It’s that time of year again! There is always an explosion in gym memberships after the start of the year! The parking lot is packed, the machines are busy, and the courts are FULL! People trying to lose in a few months what took them the whole year to put on, or even longer. Who knows what the motivation is—too busy, too lazy, summer around the corner? Whatever it is people have to realize one thing—the majority of people who hit the gym, pool, or bike have one thing in common after the month of January- they quit! As sad as it is to say, it is true. I know they want to be there working out but why isn’t the motivation there all year long?
When you look at a PRO athlete or someone who trains seriously, do you think they just do it at the beginning of the year or when they feel like it? It is about mindset, nutrition, motivation and physical activity. These are not things you do once in a while, this is a process and a change — a LIFESTYLE change.
1. Decide to change! By deciding to make a change you have already taken the first step. Next are some simple but important steps to help you through the hardest part—Getting Started! And always consult a doctor before starting any routine or a Nutritionist for menu planning.

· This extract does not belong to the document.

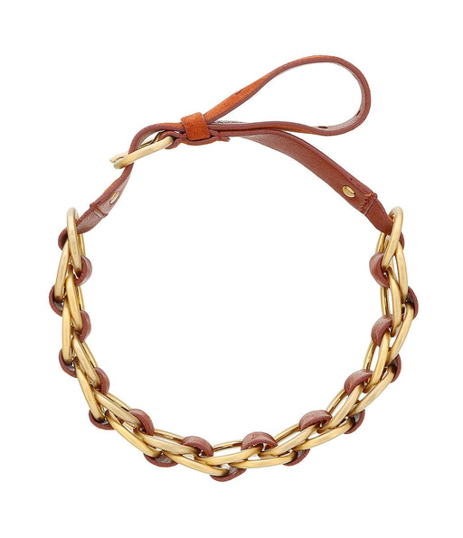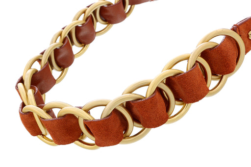View full detailsMiu Miu Burnt Orange Leather Woven Gold Chain Choker Necklace-One Size

2. Start with a goal. Make sure the goal is realistic and achievable. You can’t
immediately take off those 30 pounds you took all year to put on all year. You
can expect to lose about 1-2 pounds a week with a healthy meal plan and
exercise routine. It doesn’t sound like a lot but you don’t want to lose it too fast.
Remember you didn’t gain the pounds within a week, or even a month.
3. Start slow. Don’t expect to bench press more than you can lift. Don’t expect to run a 5 minute mile, and don’t think working out for three hours will get you anywhere either. SO many people start off too strong and then they aren’t seen again because they either hurt themselves or they’re too sore to keep working out.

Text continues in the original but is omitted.